In the summer of 2008, Andrew Simms of the British think-tank the New Economics Foundation launched his doomsday clock at the web address onehundredmonths.org.uk. It had a stark message: ‘We have 100 months to save our climate.’ His point was that the estimate of the greenhouse gas effect of CO2 emissions meant that ‘in just 100 months’ time, if we are lucky, and based on a quite conservative estimate, we could reach a tipping point for the beginnings of runaway climate change’. That was 103 months ago.
Simms’ clock was meant to dramatise the case for positive government action to limit CO2 emissions. It was a campaign backed by the Guardian. For each of the hundred months that followed, the Guardian hosted a blog by Simms.
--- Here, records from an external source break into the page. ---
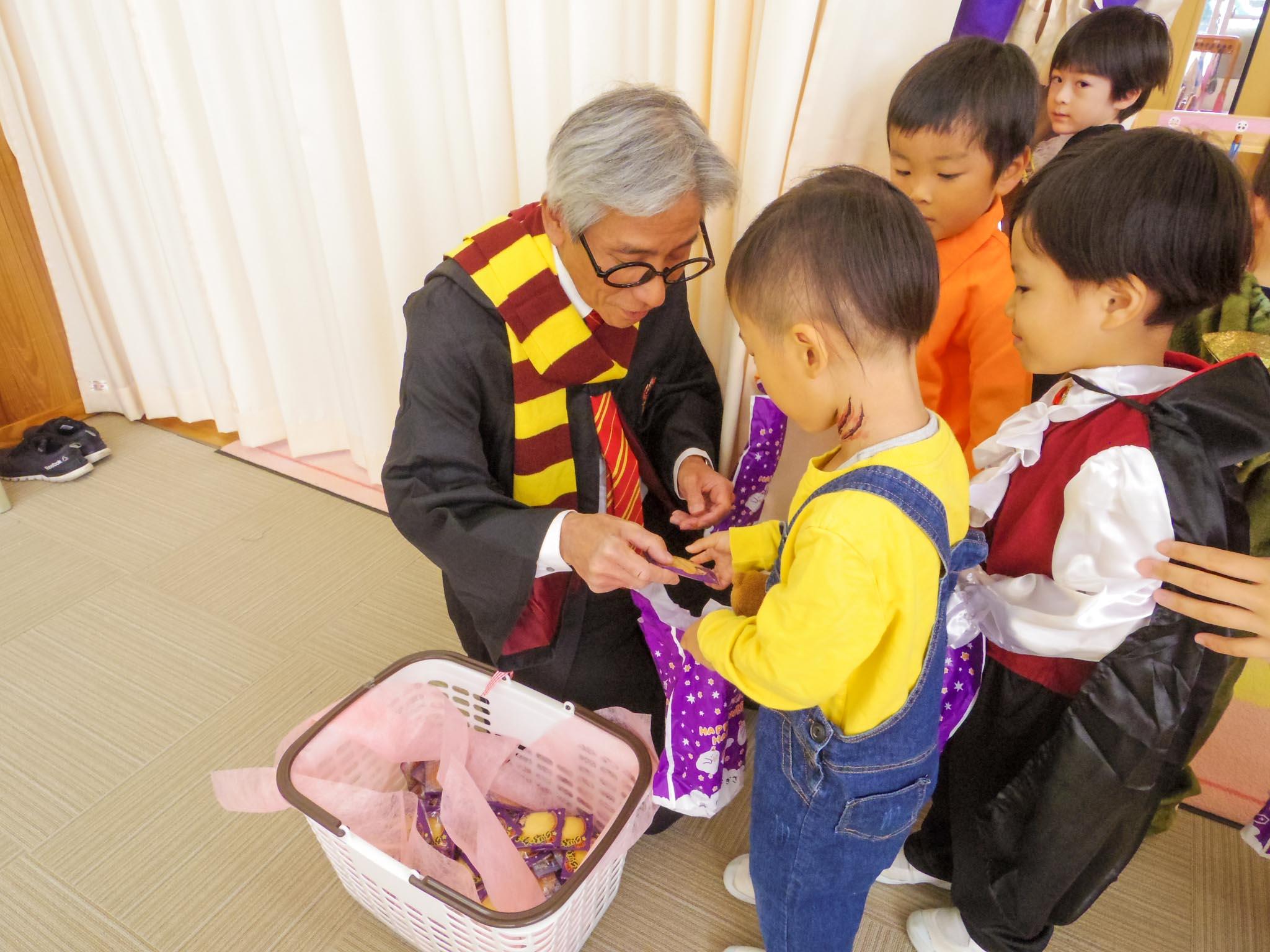 「トリックオアトリート!」園内に隠れた先生たちを探しておやつをもらいに行きました。その後もハロウィンの特別給食やお話の会など、楽しいハロウィンパーティーの一日となりました。
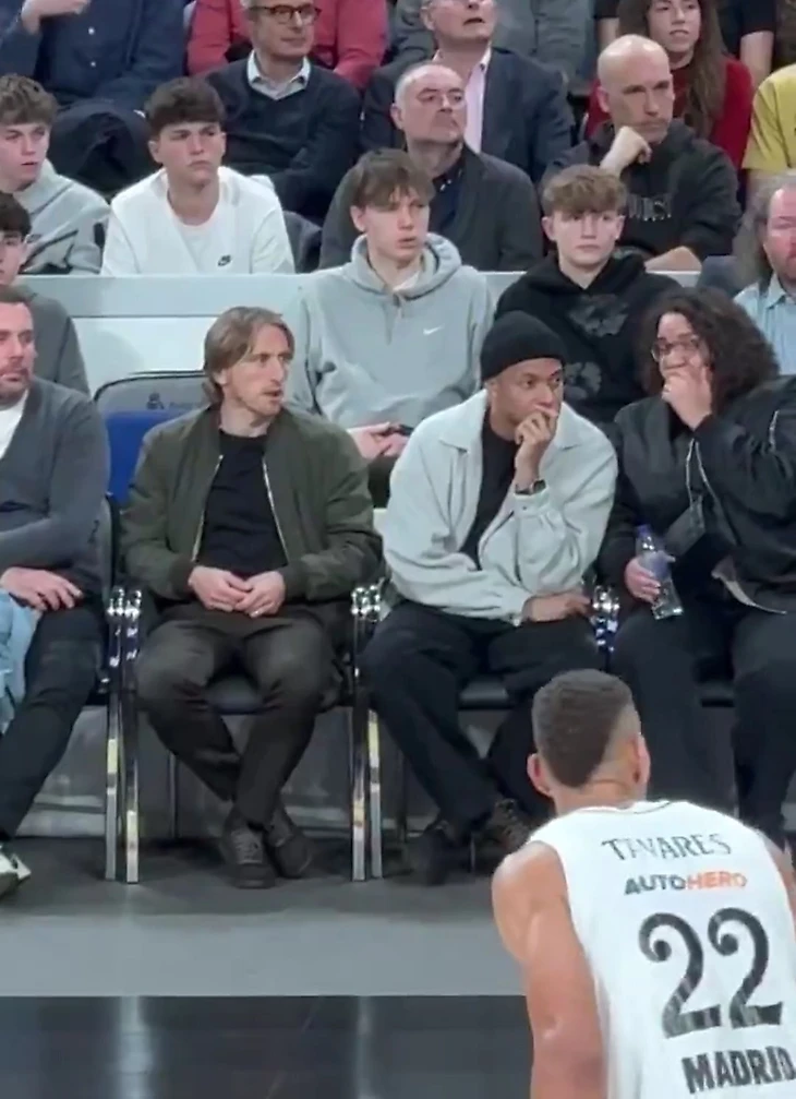 Килиан Мбаппе, Винисиус и Лука Модрич посетили баскетбольное класико в Мадриде.
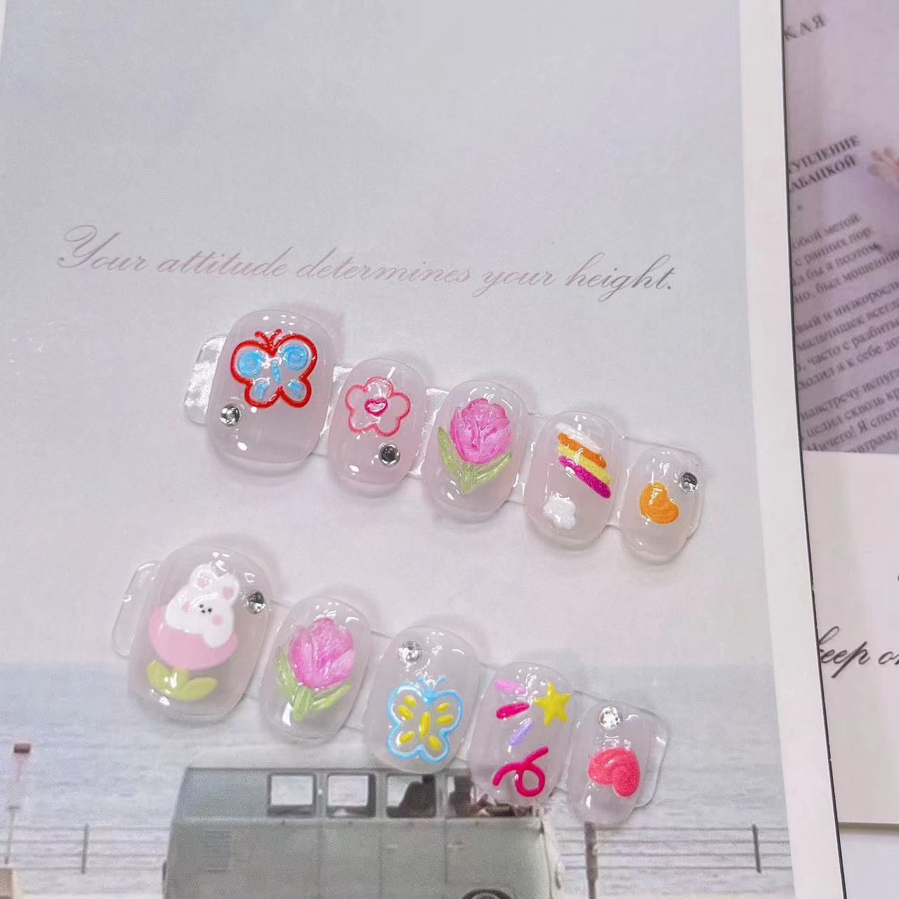 纯手工穿戴花丛里的兔子可爱手绘学生甲片显白美甲片可拆卸穿戴甲
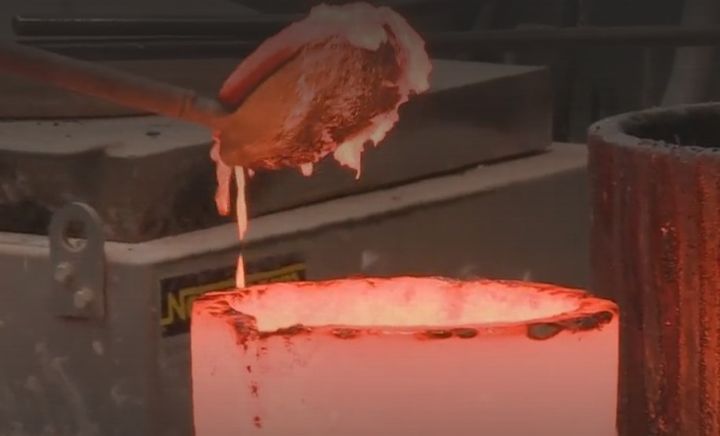 Bronze-Barren Bronze ist eine Legierung aus Kupfer mit Zusatzstoffen, meist Zinn oder Zink. Noack verwendet Siliziumbronze, sie ist mechanisch und chemisch hoch beanspruchbar. Die Bronze wird in 9,5 kg schweren Barren angeliefert. Bei mehr als 1.000 ° C werden die Barren geschmolzen. Die Bronzemenge darf beim Guss nicht zu gering bemessen werden. Ein unvollständiger Guss kann nicht ergänzt werden, sondern muss komplett eingeschmolzen und neu gegossen werden. Nach einem Guss muss die Bronze abkühlen und aushärten. Danach wird die Gießform entfernt und das gegossene Objekt freigelegt.

There he highlighted new initiatives, political campaigns and climate projections, lobbying for action on emissions.
Over these 100 months, world leaders made some agreements on climate change. Others were torn up, or watered down. Most recently the Paris Conference stands poised to agree new measures to limit emissions, but is overshadowed by scepticism from the incoming US president. One thing is for certain. Until now, no promises or agreements have led to an overall reduction in CO2 emissions. Emissions stood at 35.8million kilotons in 2013 — 2.6million more than when Simms started his clock.
All through this time, for all of these 100 months, Simms’ blog kept ticking away. ‘We either do, or we don’t, avert runaway warming’, he wrote in September 2008. The ‘climate clock is still ticking – even speeding up’, he said in November 2008. By Christmas of that year he was warning that ‘an increasing number of voices in the climate-change debate are beginning to express despair’. Some of that despair seemed to be rubbing off on Simms. The ‘time for meaningful action is shrinking just as fewer appear convinced of the need to act’, he said in March 2010. ‘We are now stuck with global warming’, he wrote in January 2011. By May 2013, his blog was warning that the International Monetary Fund’s anticipation of a growing economy could only lead to greater carbon emissions.
The problem with Simms’ climate clock was that the longer it ticked, the less seriously it was taken. One hundred months to save the planet seemed both shocking, and motivating. But as it went on, and on, the impact of the clock became debilitating rather than galvanising.